Producers must apply to OCM for permission to hold showcases at venues and during events. No showcases are allowed in municipalities that have opted out of retail cannabis sales. It will also require municipal approval before being approved by OCM.
“We know there is a lot of interest in this and we want all stakeholders to be clear about what is and is not allowed as part of these programs,” Kagia said.
“Over the next few days, we will be holding town halls for our licensees and other interested parties to explain the full scope of this program and answer any questions that may arise about what is sanctioned at these events,” he added.
The state on Wednesday began cracking down on unlicensed marijuana stores in New York City, warning other illegal stores in the state that “you’re next.”
In addition to selling cannabis flowers, one licensed cannabis processor for every three growers will be licensed to offer “value-added” products such as gummies.

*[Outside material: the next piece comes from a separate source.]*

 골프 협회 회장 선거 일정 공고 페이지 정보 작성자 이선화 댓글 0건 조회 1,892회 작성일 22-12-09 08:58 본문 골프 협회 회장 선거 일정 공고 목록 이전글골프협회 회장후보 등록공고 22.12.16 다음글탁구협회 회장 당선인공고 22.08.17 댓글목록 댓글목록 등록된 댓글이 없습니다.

The combination aims to keep the focus on the producer and help unload the raw product sitting dormant in the warehouse.
“It’s very important to me that these aren’t just pop-up pharmacies,” said director Jennifer Gilbert Jenkins. “We want to directly support producers wherever possible.”
Also on Wednesday, OCM approved an additional 212 adult recreational pharmacy licenses, nine of which are in western New York.